◆ ACTION ITEM: Since the listing below shows pictures, leave them out and write out exactly the lines from the line with "语义特征。特征增强器负责跨模态融合,堆叠自注意力、文本 - 图像交叉注意力、图像" to the line with "Quoizel TFAS5003VA Asheville", both included, and no others.

[DATA SHOWN]

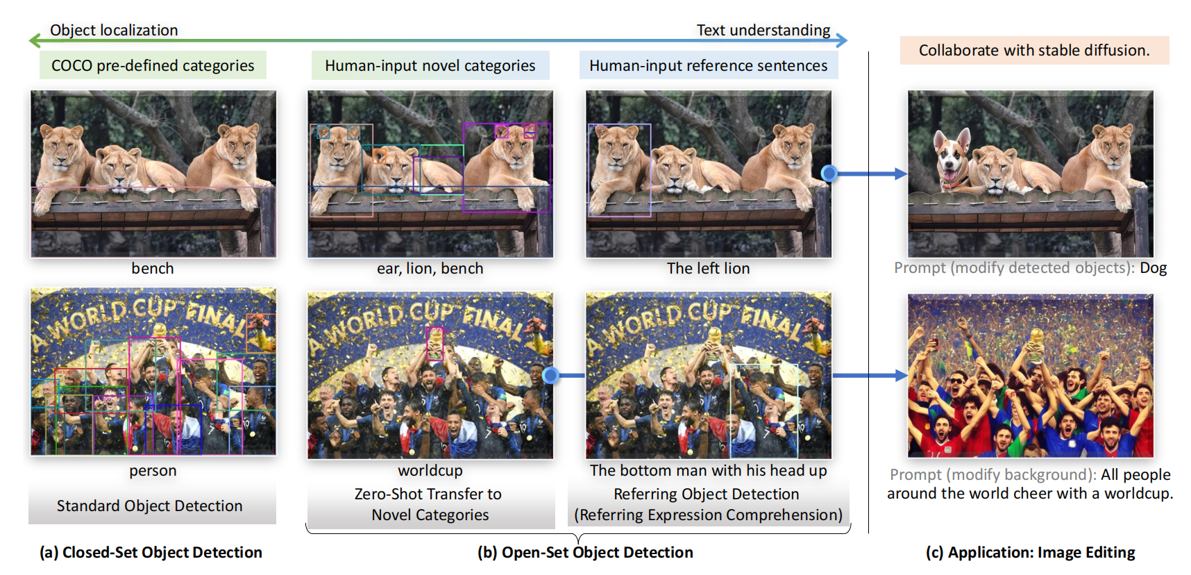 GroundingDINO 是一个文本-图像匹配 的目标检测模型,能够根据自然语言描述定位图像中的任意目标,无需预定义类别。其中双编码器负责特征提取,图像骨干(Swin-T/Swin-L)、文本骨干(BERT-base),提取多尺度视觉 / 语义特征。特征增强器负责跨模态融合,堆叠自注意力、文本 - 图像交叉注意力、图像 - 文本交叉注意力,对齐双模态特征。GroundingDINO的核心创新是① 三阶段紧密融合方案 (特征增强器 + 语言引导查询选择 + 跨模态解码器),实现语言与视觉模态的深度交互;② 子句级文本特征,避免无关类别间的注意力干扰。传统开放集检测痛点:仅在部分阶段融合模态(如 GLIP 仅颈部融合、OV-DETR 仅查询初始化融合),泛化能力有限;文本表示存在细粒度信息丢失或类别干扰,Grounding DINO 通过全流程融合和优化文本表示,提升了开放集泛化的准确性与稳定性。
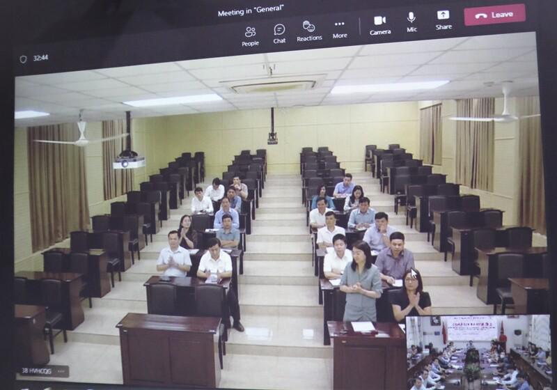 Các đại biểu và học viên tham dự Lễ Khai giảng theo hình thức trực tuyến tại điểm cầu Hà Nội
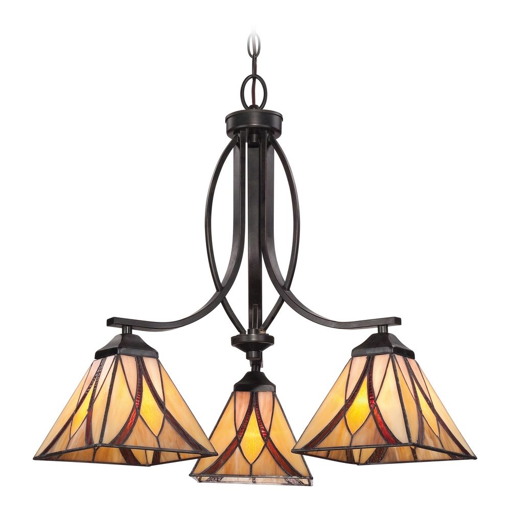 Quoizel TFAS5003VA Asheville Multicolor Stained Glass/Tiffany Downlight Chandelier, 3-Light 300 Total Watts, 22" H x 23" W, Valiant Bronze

[/DATA SHOWN]
[DATA SHOWN]

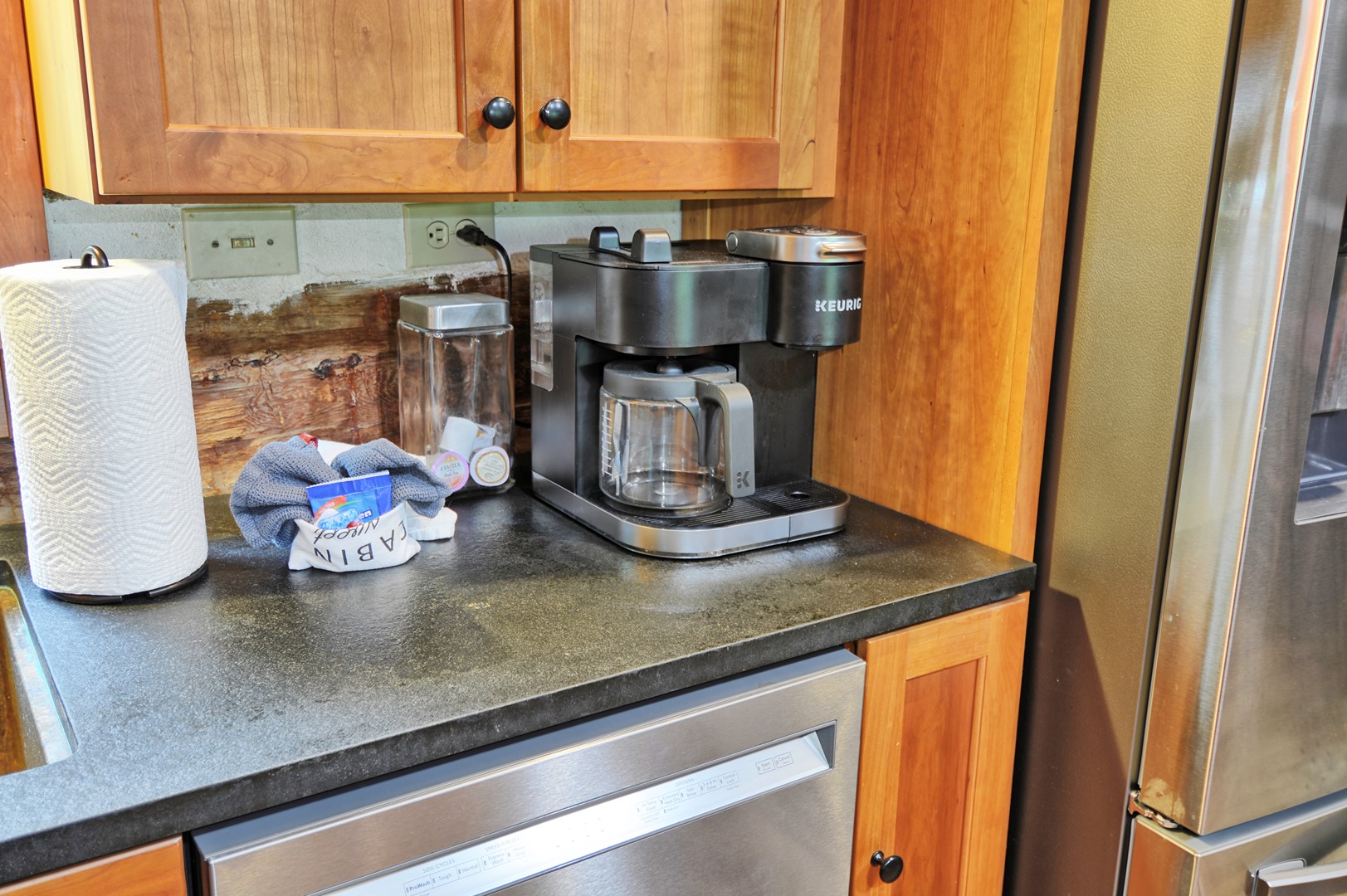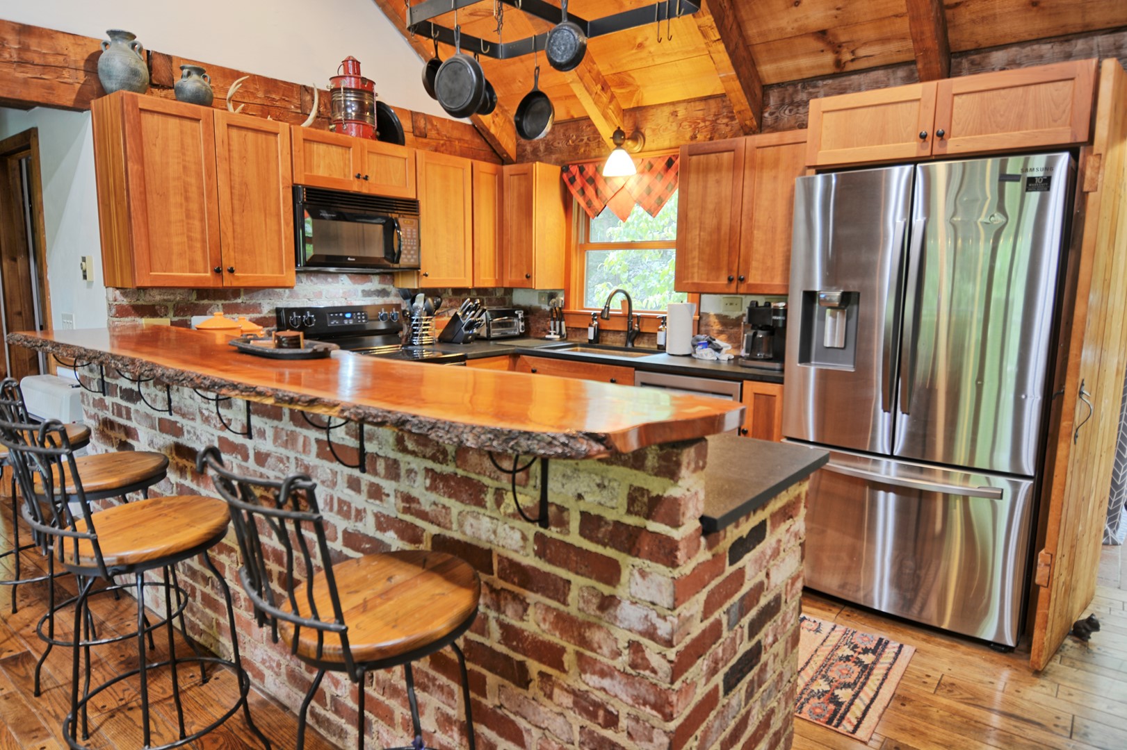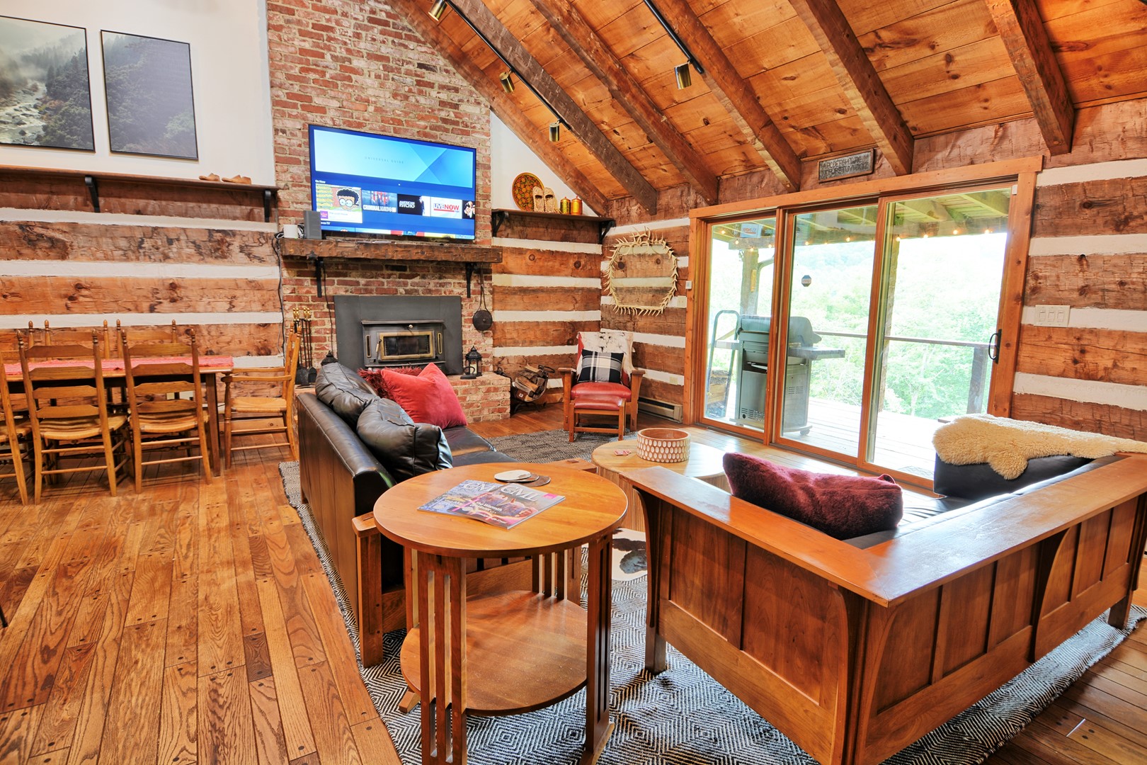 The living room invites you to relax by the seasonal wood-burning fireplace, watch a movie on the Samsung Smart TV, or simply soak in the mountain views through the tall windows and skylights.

[/DATA SHOWN]

◆ EXERCISE OUTPUT:
 GroundingDINO 是一个文本-图像匹配 的目标检测模型,能够根据自然语言描述定位图像中的任意目标,无需预定义类别。其中双编码器负责特征提取,图像骨干(Swin-T/Swin-L)、文本骨干(BERT-base),提取多尺度视觉 / 语义特征。特征增强器负责跨模态融合,堆叠自注意力、文本 - 图像交叉注意力、图像 - 文本交叉注意力,对齐双模态特征。GroundingDINO的核心创新是① 三阶段紧密融合方案 (特征增强器 + 语言引导查询选择 + 跨模态解码器),实现语言与视觉模态的深度交互;② 子句级文本特征,避免无关类别间的注意力干扰。传统开放集检测痛点:仅在部分阶段融合模态(如 GLIP 仅颈部融合、OV-DETR 仅查询初始化融合),泛化能力有限;文本表示存在细粒度信息丢失或类别干扰,Grounding DINO 通过全流程融合和优化文本表示,提升了开放集泛化的准确性与稳定性。
 Các đại biểu và học viên tham dự Lễ Khai giảng theo hình thức trực tuyến tại điểm cầu Hà Nội
 Quoizel TFAS5003VA Asheville Multicolor Stained Glass/Tiffany Downlight Chandelier, 3-Light 300 Total Watts, 22" H x 23" W, Valiant Bronze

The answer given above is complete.